- PROVIDED MATERIAL -
Segment Open
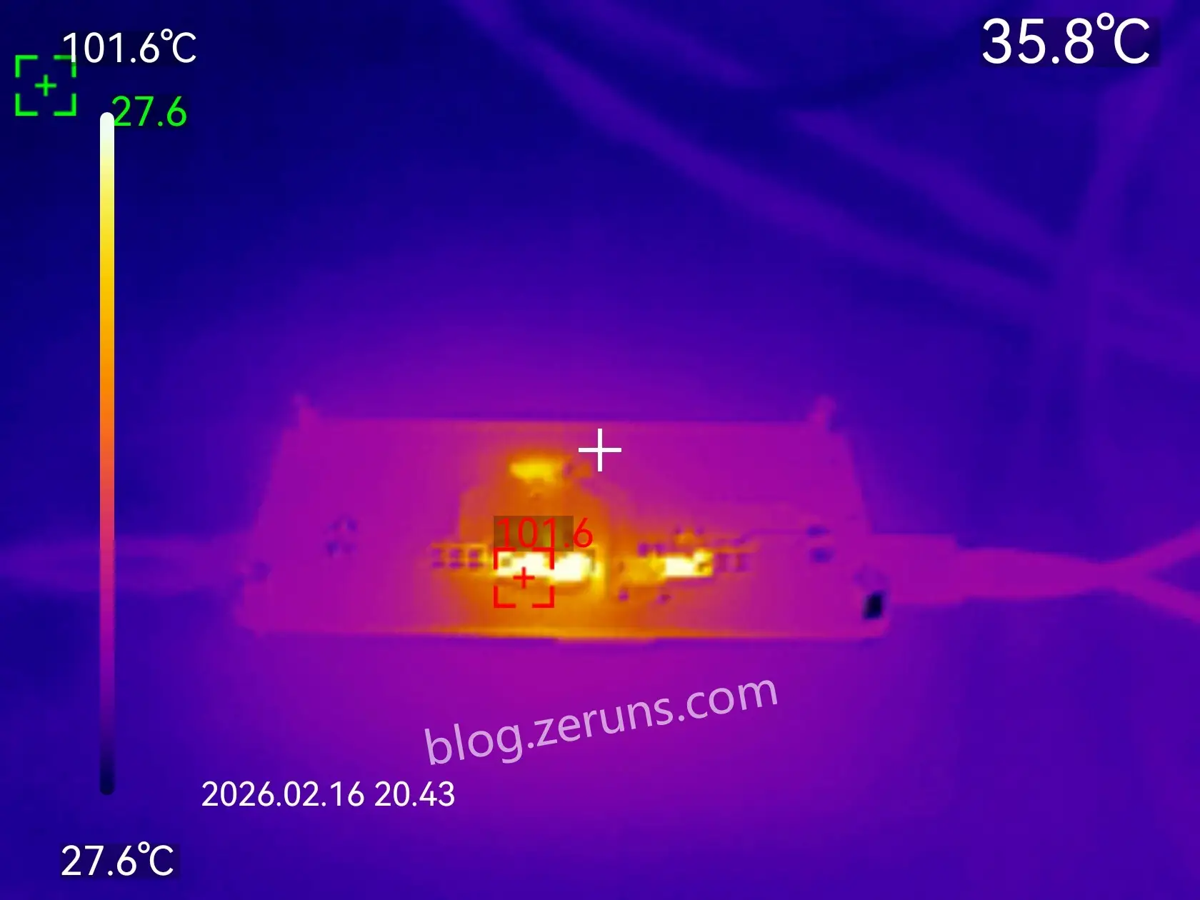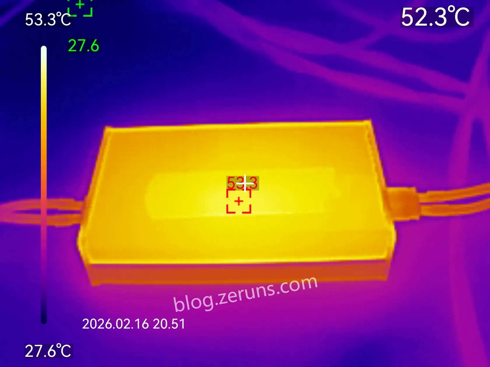 装上铝合金外壳后的热成像图,由于铝合金有点反光,避免影响测量结果所以在中间贴了个胶布,测得MOS管接触的那一面最高温度53℃左右。
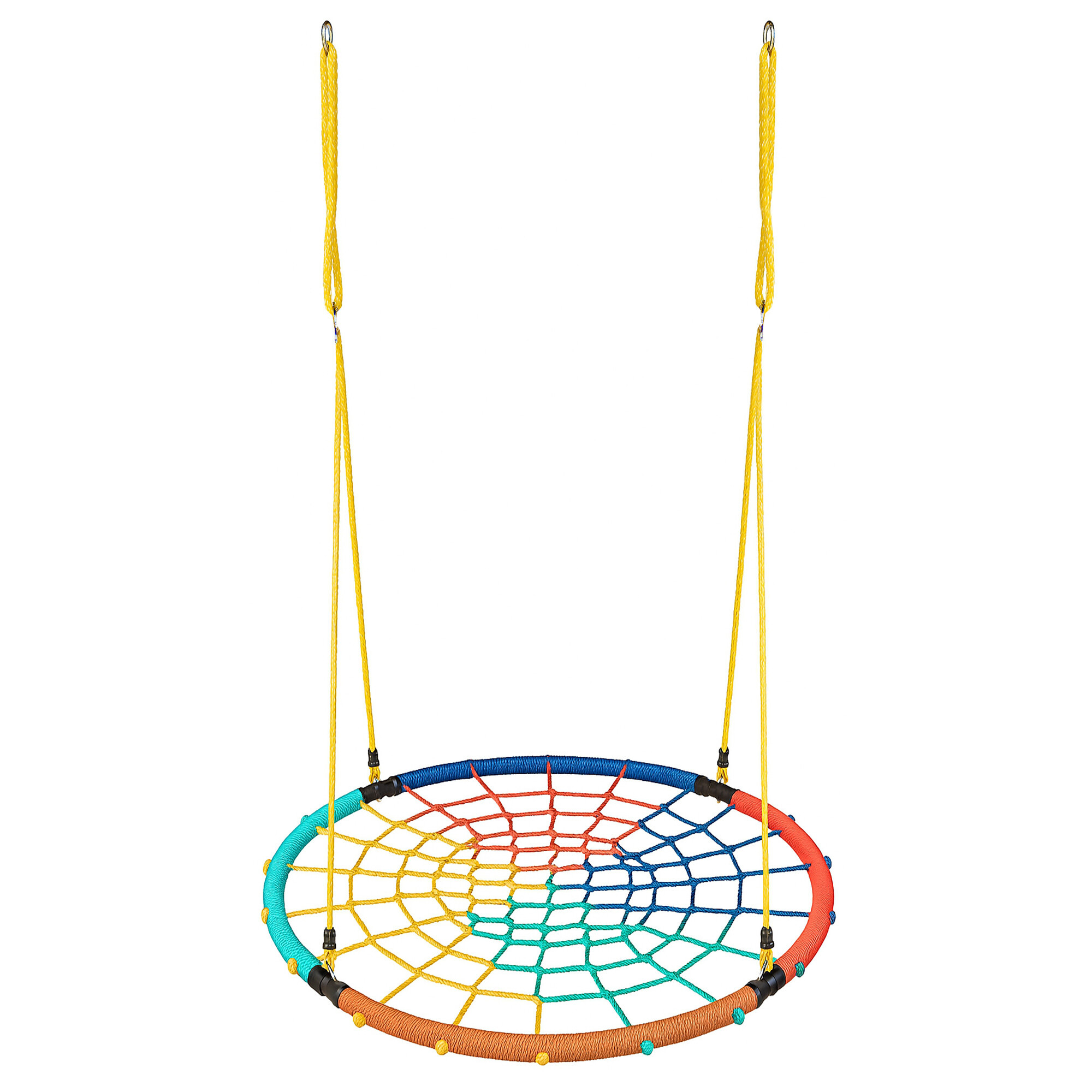 Houpací kruh s průměrem 100 cm je dostatečně velký na to, aby se mohly houpat i dvě děti najednou. Nosnost kruhu je 150 kg.
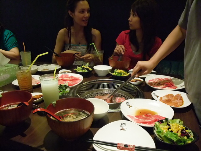 一出高鐵,已是晚餐時刻!原本露露提議吃原燒,但礙於沒有訂位&搭捷運時間,還是選擇車站的微風廣場比較值得些,畢竟難得相聚,時間寶貴啊!微風美食街可是包羅萬象,充滿各式料理和小吃,但剛好有一家日式燒肉店,恰好可以滿足露露想吃肉的慾望!而且這一次還有許久未見的ㄚ斐&秀沂,葉子可是豔福不淺啊!(魔女:「有種!拍照就給我靠很近....看看...(殺氣)」
Segment Closed
- WHAT IS NEEDED -
Return to the listing above and set it down exactly, leaving out its pictures.

- ANSWER FOR THE TASK -
 装上铝合金外壳后的热成像图,由于铝合金有点反光,避免影响测量结果所以在中间贴了个胶布,测得MOS管接触的那一面最高温度53℃左右。
 Houpací kruh s průměrem 100 cm je dostatečně velký na to, aby se mohly houpat i dvě děti najednou. Nosnost kruhu je 150 kg.
 一出高鐵,已是晚餐時刻!原本露露提議吃原燒,但礙於沒有訂位&搭捷運時間,還是選擇車站的微風廣場比較值得些,畢竟難得相聚,時間寶貴啊!微風美食街可是包羅萬象,充滿各式料理和小吃,但剛好有一家日式燒肉店,恰好可以滿足露露想吃肉的慾望!而且這一次還有許久未見的ㄚ斐&秀沂,葉子可是豔福不淺啊!(魔女:「有種!拍照就給我靠很近....看看...(殺氣)」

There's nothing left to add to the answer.